- Opening Delimiter -

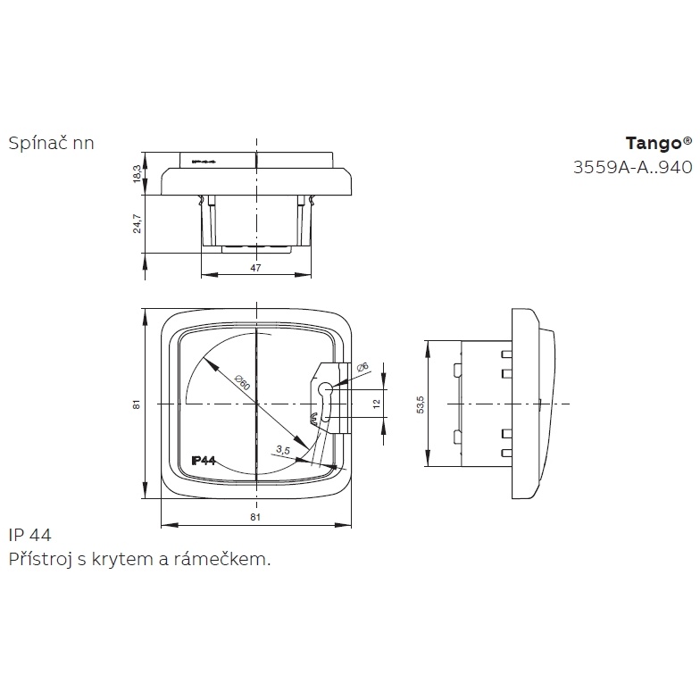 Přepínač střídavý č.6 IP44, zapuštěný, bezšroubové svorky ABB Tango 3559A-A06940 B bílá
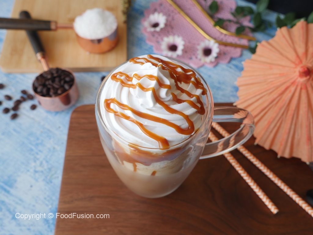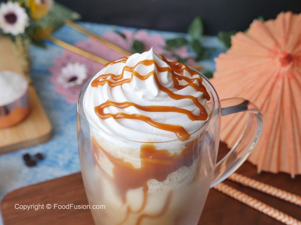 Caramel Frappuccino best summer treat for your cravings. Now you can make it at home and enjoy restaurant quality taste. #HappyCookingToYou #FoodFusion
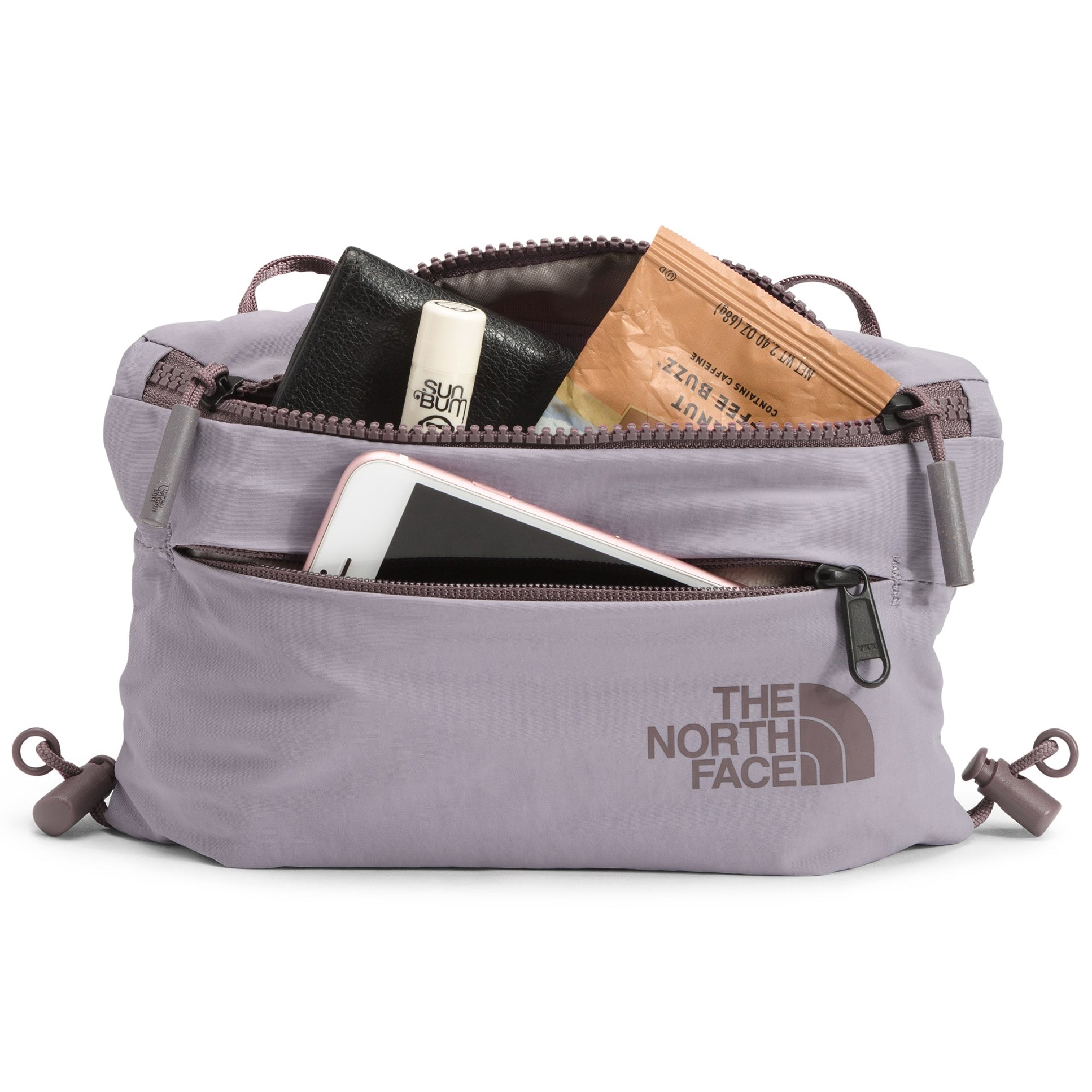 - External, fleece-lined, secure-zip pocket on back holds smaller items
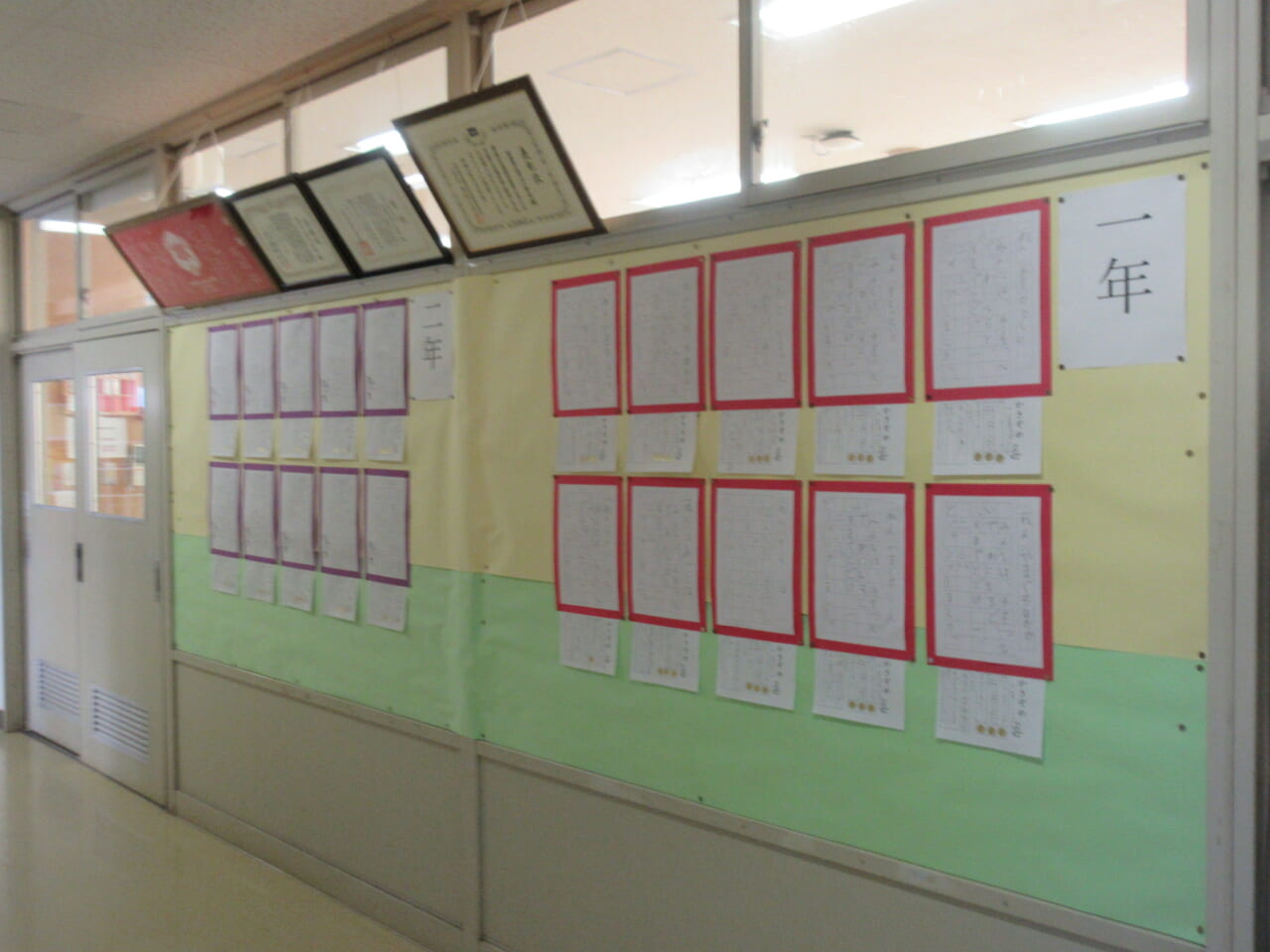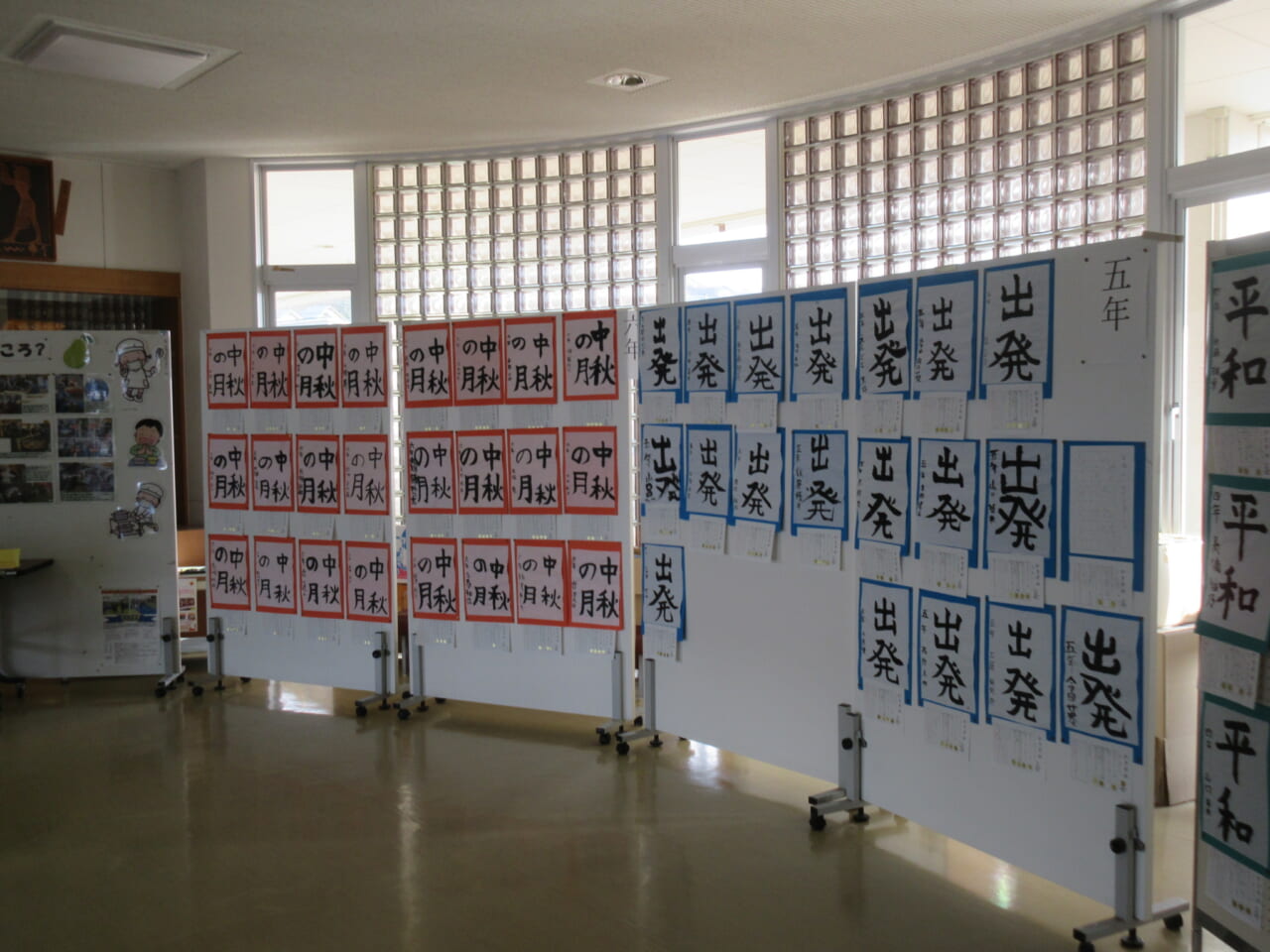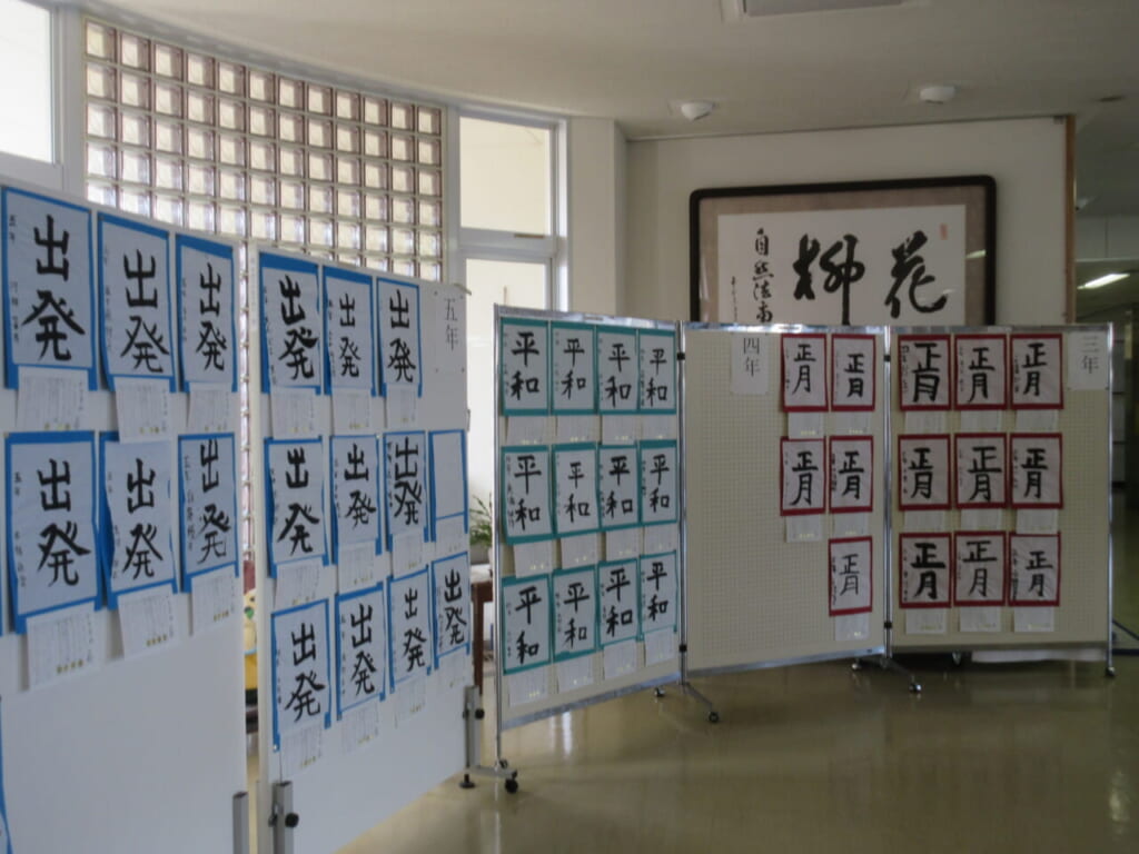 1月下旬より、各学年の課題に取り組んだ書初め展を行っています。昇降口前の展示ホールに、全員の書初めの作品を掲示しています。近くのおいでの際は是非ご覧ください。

- Closing Delimiter -

What is needed here is each line above set down word for word, minus the images.

WRITTEN ANSWER>
 Přepínač střídavý č.6 IP44, zapuštěný, bezšroubové svorky ABB Tango 3559A-A06940 B bílá
 Caramel Frappuccino best summer treat for your cravings. Now you can make it at home and enjoy restaurant quality taste. #HappyCookingToYou #FoodFusion
 - External, fleece-lined, secure-zip pocket on back holds smaller items
 1月下旬より、各学年の課題に取り組んだ書初め展を行っています。昇降口前の展示ホールに、全員の書初めの作品を掲示しています。近くのおいでの際は是非ご覧ください。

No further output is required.